> WHAT TO PRODUCE: Only one stretch of the data should be retyped: the lines from the line containing "Iedere maand staat" through the line containing "UUSI LASTAUSLAITURI JA KATOS.". Keep pictures out of it.

> RECORDS TO PROCESS:
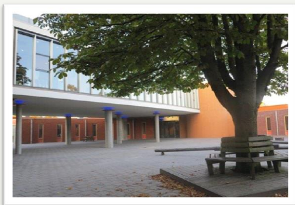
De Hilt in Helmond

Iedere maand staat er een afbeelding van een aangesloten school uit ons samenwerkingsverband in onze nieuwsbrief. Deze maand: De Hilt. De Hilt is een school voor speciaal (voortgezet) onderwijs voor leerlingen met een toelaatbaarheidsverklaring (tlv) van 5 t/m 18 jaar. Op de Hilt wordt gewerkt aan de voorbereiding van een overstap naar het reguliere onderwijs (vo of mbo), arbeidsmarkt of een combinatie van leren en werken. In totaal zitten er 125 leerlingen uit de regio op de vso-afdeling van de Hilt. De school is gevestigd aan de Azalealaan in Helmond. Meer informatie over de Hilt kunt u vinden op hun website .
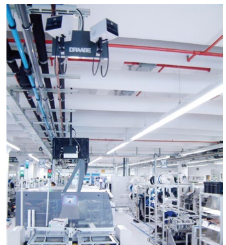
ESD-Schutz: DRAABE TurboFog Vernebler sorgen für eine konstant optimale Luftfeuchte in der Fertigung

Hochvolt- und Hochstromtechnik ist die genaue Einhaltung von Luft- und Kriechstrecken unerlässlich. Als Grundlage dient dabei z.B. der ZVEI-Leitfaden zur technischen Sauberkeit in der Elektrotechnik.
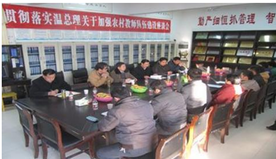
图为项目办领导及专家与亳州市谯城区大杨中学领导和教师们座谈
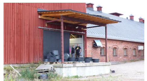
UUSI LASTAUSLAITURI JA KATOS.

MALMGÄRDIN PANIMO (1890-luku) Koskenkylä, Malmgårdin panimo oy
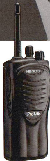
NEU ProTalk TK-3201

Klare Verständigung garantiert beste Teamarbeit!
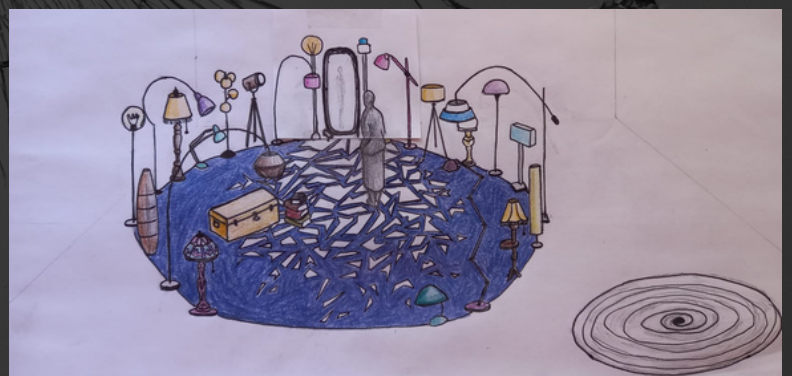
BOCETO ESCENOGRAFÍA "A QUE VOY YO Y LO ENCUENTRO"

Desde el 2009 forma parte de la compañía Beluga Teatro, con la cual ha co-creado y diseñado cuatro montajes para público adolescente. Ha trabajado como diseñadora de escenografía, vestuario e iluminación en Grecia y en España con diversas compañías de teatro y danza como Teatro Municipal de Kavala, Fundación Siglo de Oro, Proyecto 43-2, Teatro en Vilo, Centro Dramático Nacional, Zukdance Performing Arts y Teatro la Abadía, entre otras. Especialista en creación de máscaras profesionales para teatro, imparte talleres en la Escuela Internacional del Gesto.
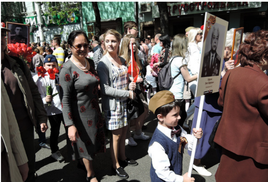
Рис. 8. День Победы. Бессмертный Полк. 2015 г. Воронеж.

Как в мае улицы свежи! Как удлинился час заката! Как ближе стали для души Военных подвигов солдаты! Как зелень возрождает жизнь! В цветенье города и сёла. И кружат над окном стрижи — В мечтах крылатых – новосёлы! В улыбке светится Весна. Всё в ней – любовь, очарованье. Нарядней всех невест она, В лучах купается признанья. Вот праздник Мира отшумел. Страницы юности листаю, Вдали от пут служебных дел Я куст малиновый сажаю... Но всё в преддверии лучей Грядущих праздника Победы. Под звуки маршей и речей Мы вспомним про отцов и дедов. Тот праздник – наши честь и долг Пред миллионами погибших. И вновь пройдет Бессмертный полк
--
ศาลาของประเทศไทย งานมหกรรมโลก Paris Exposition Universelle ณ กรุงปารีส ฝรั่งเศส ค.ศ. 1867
==
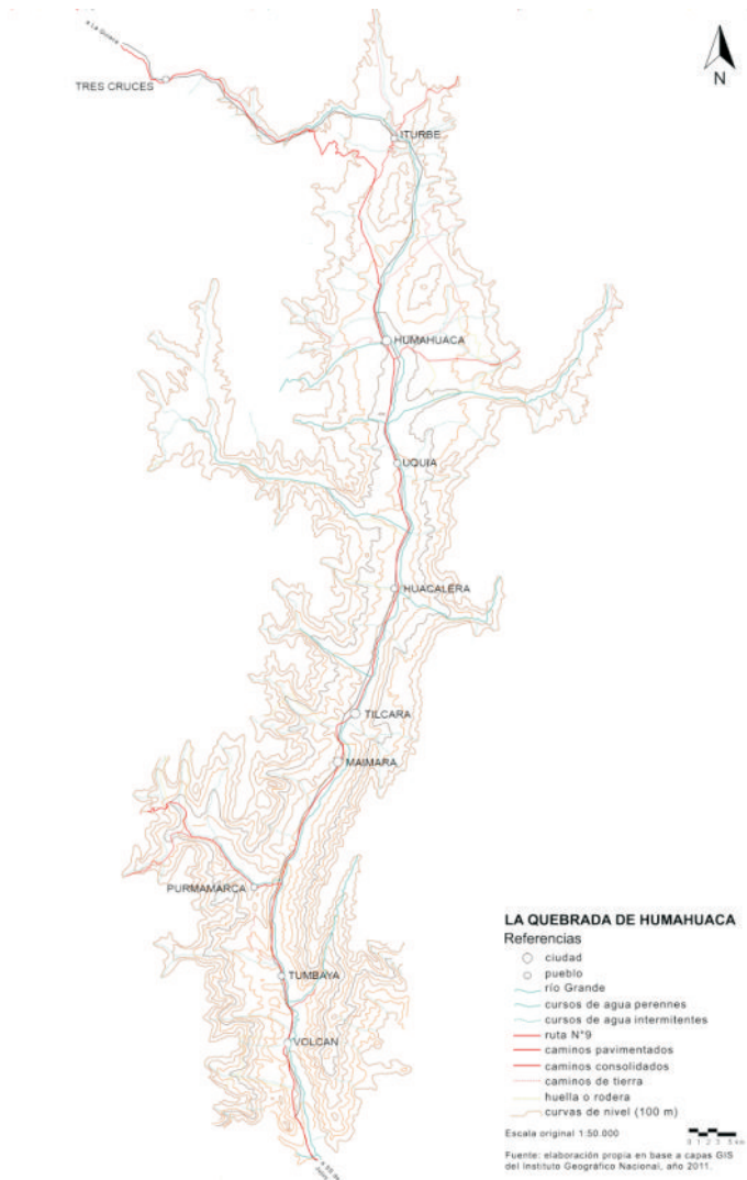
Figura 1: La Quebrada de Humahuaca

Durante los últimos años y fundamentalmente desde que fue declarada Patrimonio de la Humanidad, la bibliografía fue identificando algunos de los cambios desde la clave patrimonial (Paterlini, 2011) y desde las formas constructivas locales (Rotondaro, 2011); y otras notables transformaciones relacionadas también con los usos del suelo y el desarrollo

> SOLVED PROBLEM:
Iedere maand staat er een afbeelding van een aangesloten school uit ons samenwerkingsverband in onze nieuwsbrief. Deze maand: De Hilt. De Hilt is een school voor speciaal (voortgezet) onderwijs voor leerlingen met een toelaatbaarheidsverklaring (tlv) van 5 t/m 18 jaar. Op de Hilt wordt gewerkt aan de voorbereiding van een overstap naar het reguliere onderwijs (vo of mbo), arbeidsmarkt of een combinatie van leren en werken. In totaal zitten er 125 leerlingen uit de regio op de vso-afdeling van de Hilt. De school is gevestigd aan de Azalealaan in Helmond. Meer informatie over de Hilt kunt u vinden op hun website .
ESD-Schutz: DRAABE TurboFog Vernebler sorgen für eine konstant optimale Luftfeuchte in der Fertigung

Hochvolt- und Hochstromtechnik ist die genaue Einhaltung von Luft- und Kriechstrecken unerlässlich. Als Grundlage dient dabei z.B. der ZVEI-Leitfaden zur technischen Sauberkeit in der Elektrotechnik.
图为项目办领导及专家与亳州市谯城区大杨中学领导和教师们座谈
UUSI LASTAUSLAITURI JA KATOS.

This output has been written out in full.